Key characteristics:
- These are not real objects
- They do not appear in the Objects list
- They consume backend resources
- OCI does not automatically delete them
Once the number grows large, OCI displays a warning.
Why These Uploads Are Invisible in the Console
Object Storage is a flat namespace.
“Folders” are simply prefixes that exist only when at least one object is present.
Because incomplete multipart uploads never produce a final object:
- No object exists
- No prefix hierarchy exists
- Nothing shows up in the bucket view
The only way to see them is via multipart upload listing, which is not always exposed in the OCI Console.
Step 1: Set Up OCI CLI
To investigate further, I used the OCI CLI.
Verification:
Step 2: List Multipart Uploads
To list all incomplete multipart uploads:
oci os multipart list --bucket-name obj-store --namespace <namespace> --all
Sample output:
{
"object": "backup/2025/09/06/.../DATA_EXPORT.dmp",
"upload-id": "f8544f02-67ba-2112-15fb-a8df3448457a",
"time-created": "2025-09-06T22:00:55Z"
}
Important detail:
The object field represents the intended object name, not an actual file.
Step 3: Is It Safe to Delete These?
Yes — always.
Aborting a multipart upload:
- Deletes only temporary upload parts
- Never deletes completed objects
- Never affects visible data
Step 4: Abort a Single Multipart Upload (Manual Test)
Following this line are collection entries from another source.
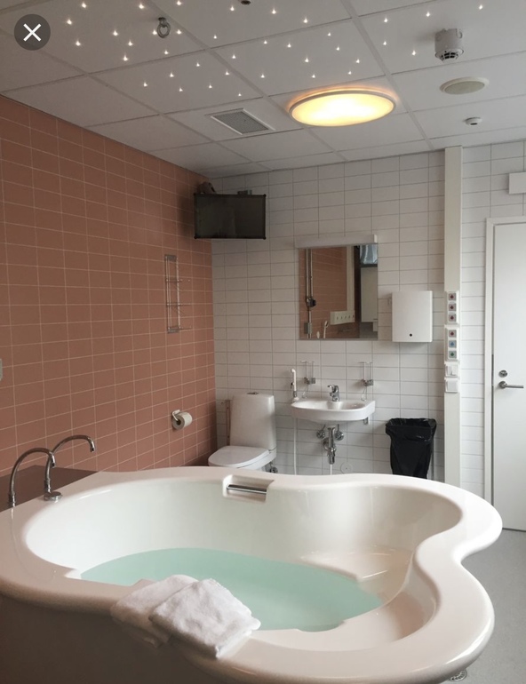 Ванная, как выяснилось вскоре, оказалась мне не нужна. Я испытала 1 минуту блаженства, погрузившись в нее. Теплая комната с мягким светом, огромная удобная джакузи, супер комфортной температуры вода, много всяких выемок и ручек за которые можно держаться и принять удобную позу, даже немного поплавать - все создано для расслабления и блаженства, но…. Мой организм сыграл со мной злую шутку и как только началась первая схватка в воде, я с ужасом поняла, что мне ооочень больно. Намного больнее чем на суше, намного больнее чем стоя, лежа или в движении. Я буквально почувствовала, как мои внутренние органы сместились в пространстве и стали друг на друга давить.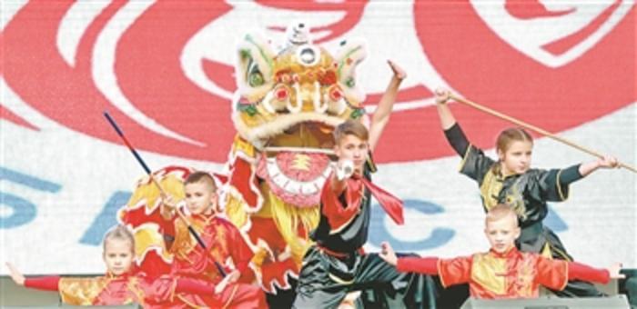 白俄罗斯首都明斯克,当地青少年在“孔子学院日”活动上表演武术。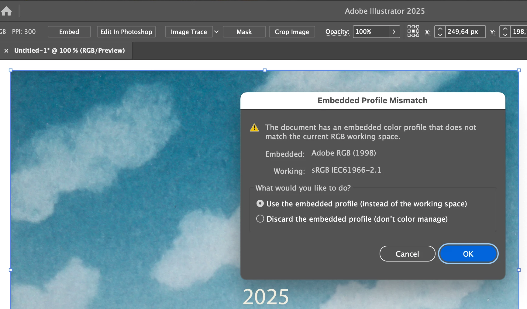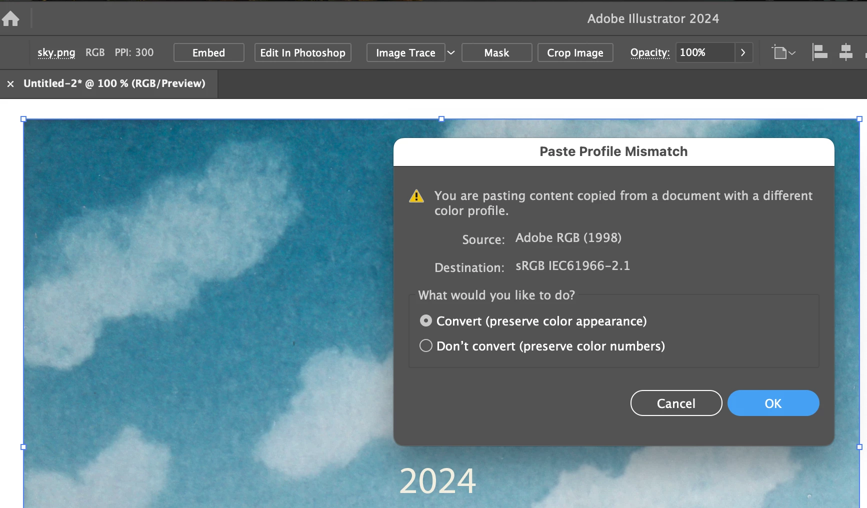 PNGs with Adobe RGB profiles now shift color when embedded in Illustrator.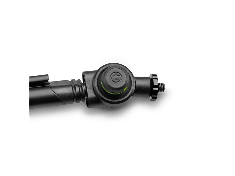 With its three joints the desk-mounted microphone boom arm can be placed in pretty much any position you want. Another special feature that Gravity® developed for the microphone holder mechanism allows you to pull out the entire microphone holder with one hand and rotate it in 90° increments, even after the microphone has been screwed in place with the microphone or shock mount. The holder then automatically snaps back into place. Why is that so special?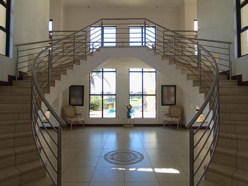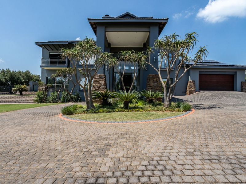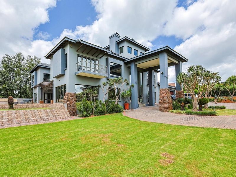 Entertainer's retreat in Mooikloof, Pretoria — exclusive estate living with private park‑like gardens and pool, expansive entertaining patios, five en‑suite bedrooms and six garages.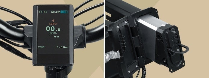 48V 14.5Ahモデル (696Wh) は最大40~60マイル (64キロ~97キロ) までアシスト走行可能*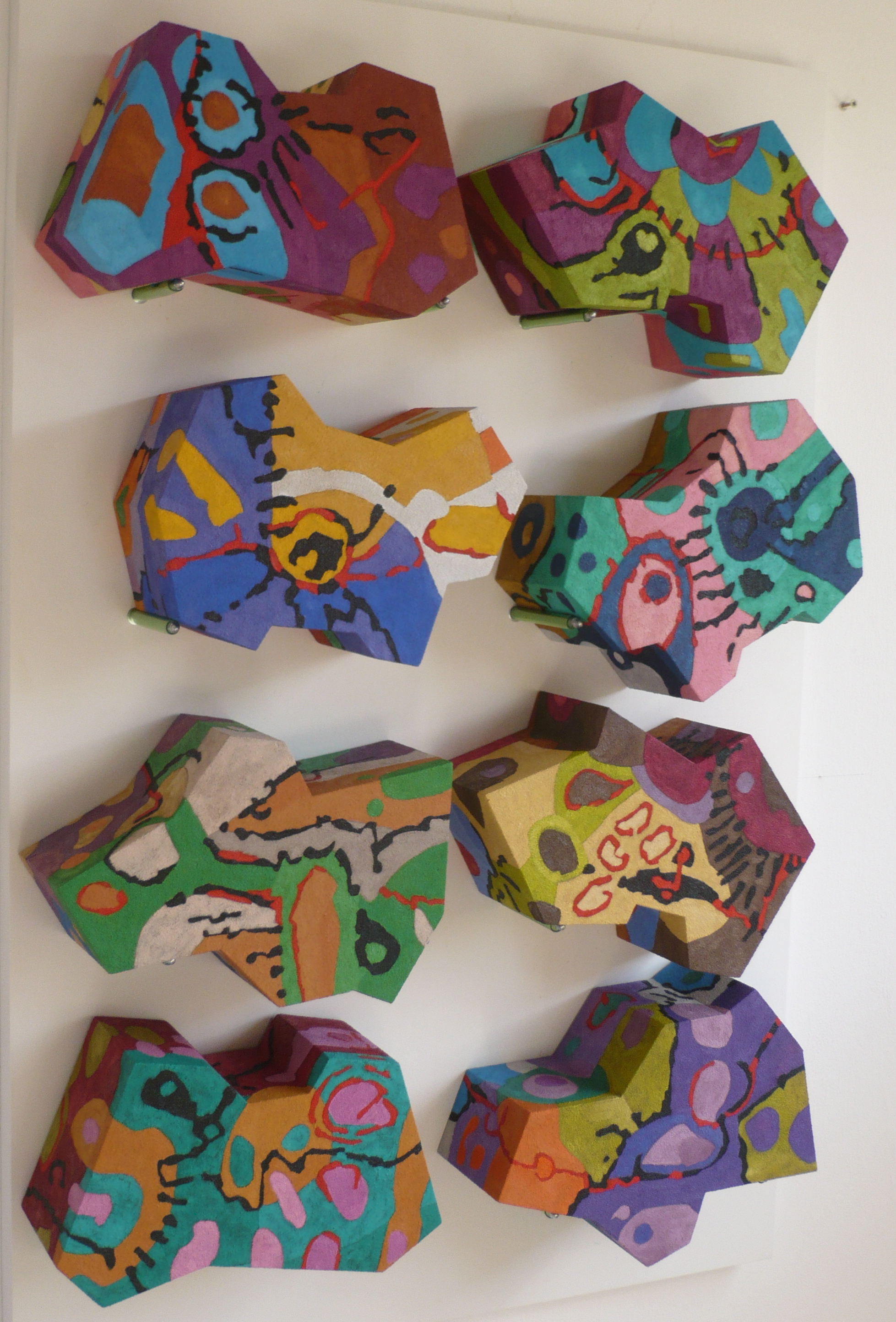 Abstracte schilderijen en dito beschilderde objecten in een stijl die ligt tussen geraffineerde eenvoud en georganiseerde chaos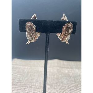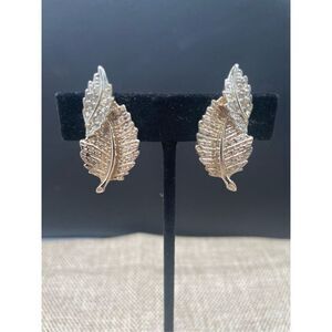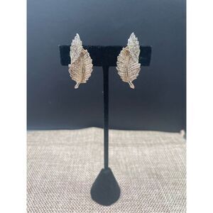 EUC. SARAH COVENTRY Leaf Shape Clip Earrings, LT. Gold Tone Metal, Crystals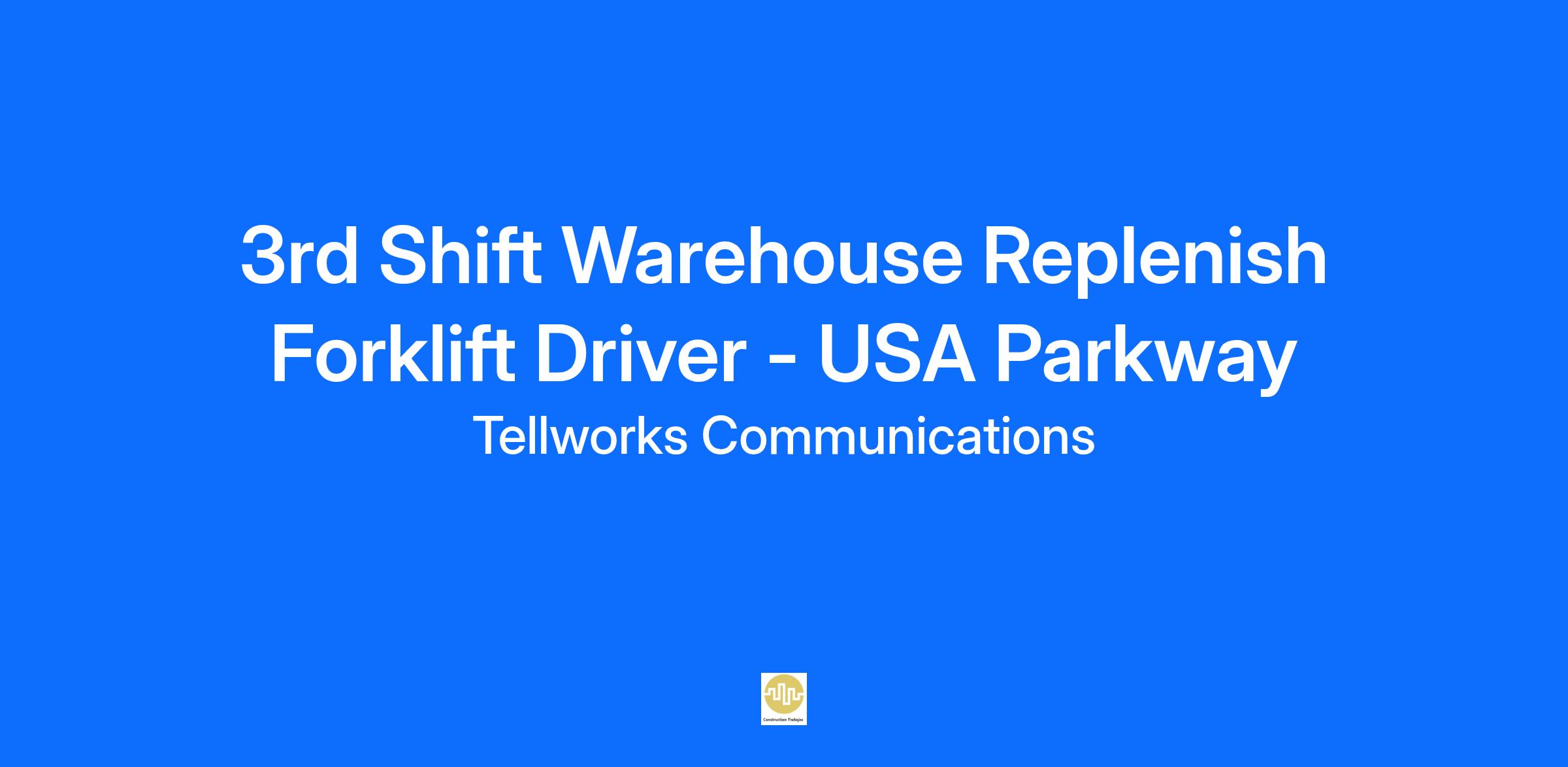 Tellworks, a growing 3PL provider, is currently seeking forklift drivers for an opening in our USA Parkway location.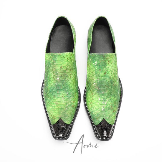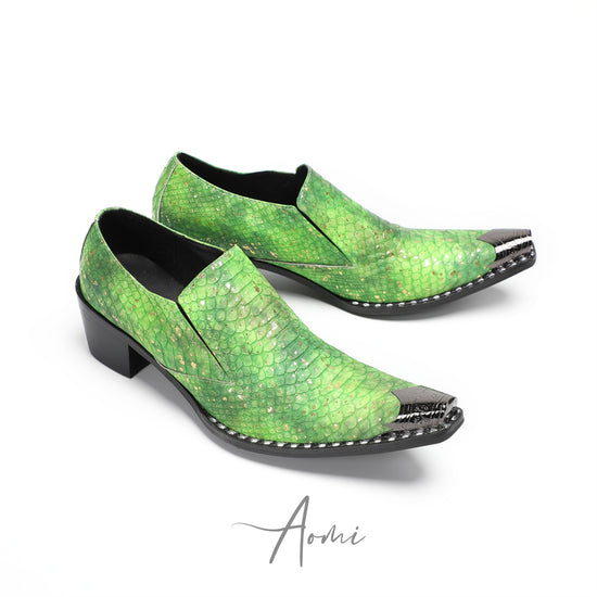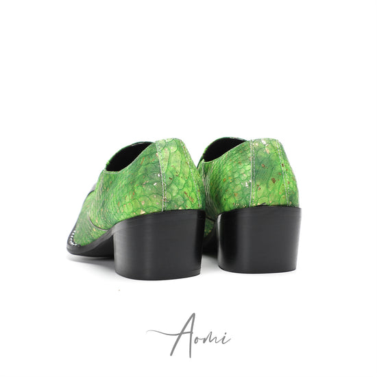 These striking slip-on dress shoes feature a vibrant green upper adorned with a detailed reptilian skin pattern, accentuated by subtle golden speckles throughout. The sharp pointed toe is capped with a sleek, engraved metal tip, adding an edgy, sophisticated touch. Finished with a sturdy block heel, these shoes exude a bold and fashion-forward aesthetic.
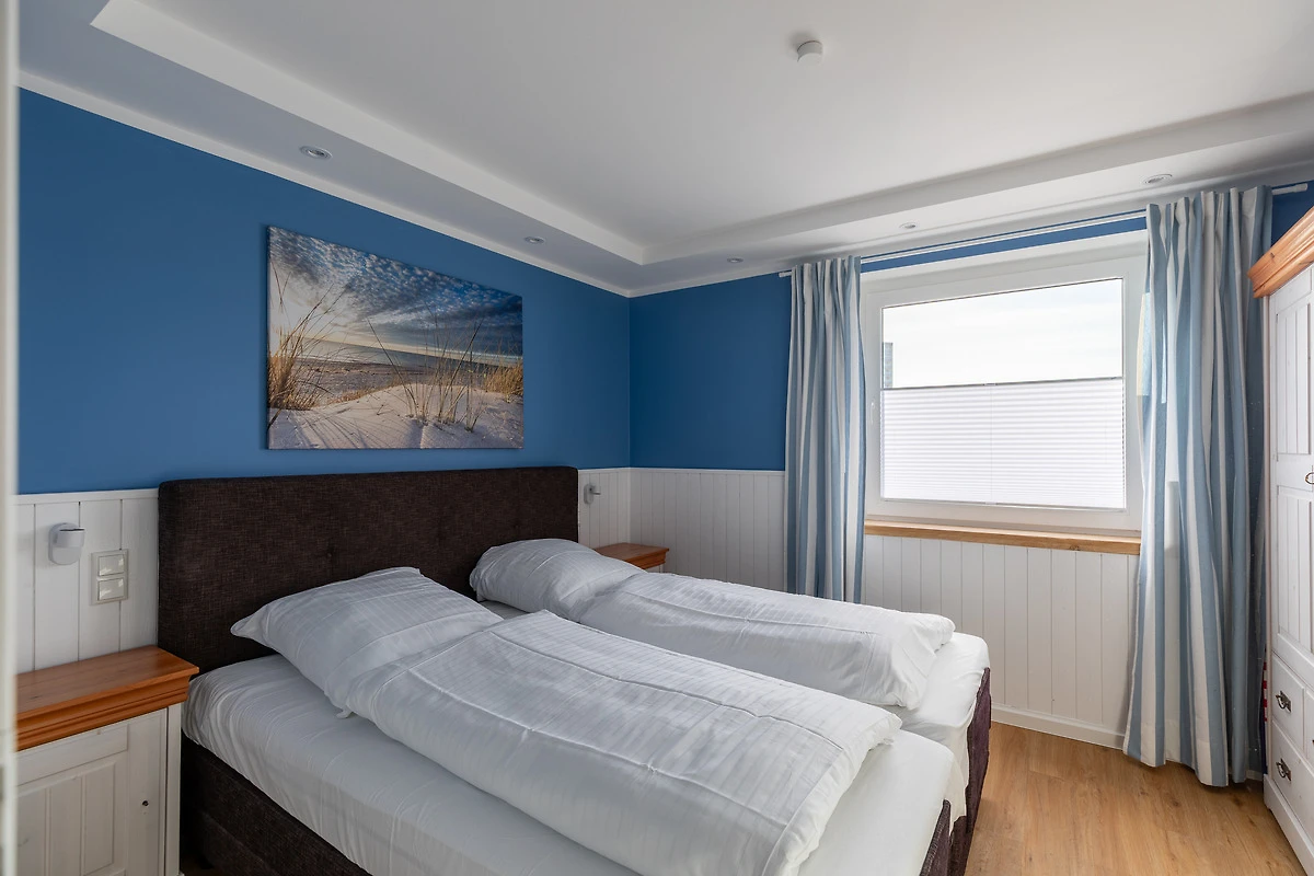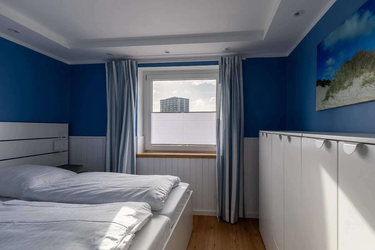 In Januar 2026 modernisierte 3 Zimmer Wohnung im 2. Obergeschoss, direkt am Strand, für bis zu 4 Personen, Schlafzimmer 1 mit Doppelbett (Boxspringbett), Kleiderschrank und TV, Schlafzimmer 2 mit Doppelbett, Wohnzimmer mit moderner Küchenzeile (Backofen, Cerankochfeld, Geschirrspüler, Kaffeemaschine, Wasserkocher, Toaster), gemütlicher Sitzecke, Essplatz, TV, Bad mit Dusche und WC, verglaster Balkon mit Sicht auf die Nordsee, Fahrstuhl im Haus, reservierter PKW Stellplatz hinter dem Haus (die Zufahrt zu den Parkplätzen erfolgt über die Strasse "Muschelgrund" in 27476 Cuxhaven).

/path/to/oci os multipart abort --bucket-name obj-store --namespace <namespace> --object-name "backup/2025/09/06/.../DATA_EXPORT.dmp" --upload-id f8544f02-67ba-2112-15fb-a8df3448457a --force
Step 5: Generate Cleanup Commands for Review
oci os multipart list --bucket-name obj-store --namespace <namespace> --all --query "data[].{object:object,upload_id:\"upload-id\"}" --output json | jq -r '
.[] |
"echo /path/to/oci os multipart abort --bucket-name obj-store --namespace <namespace> --object-name \"" +
.object +
"\" --upload-id " +
.upload_id +
" --force"
'
Lessons Learned
- Multipart uploads can fail silently
- Orphaned uploads are invisible in the bucket view
- OCI does not auto-clean multipart uploads
- CLI access is essential for Object Storage hygiene
- Periodic cleanup is a useful safety net
Closing Thoughts
This issue wasn’t about missing data — it was about invisible leftovers.
If you use OCI Object Storage for large uploads, understanding multipart upload behavior and cleanup is essential for long-term operational hygiene.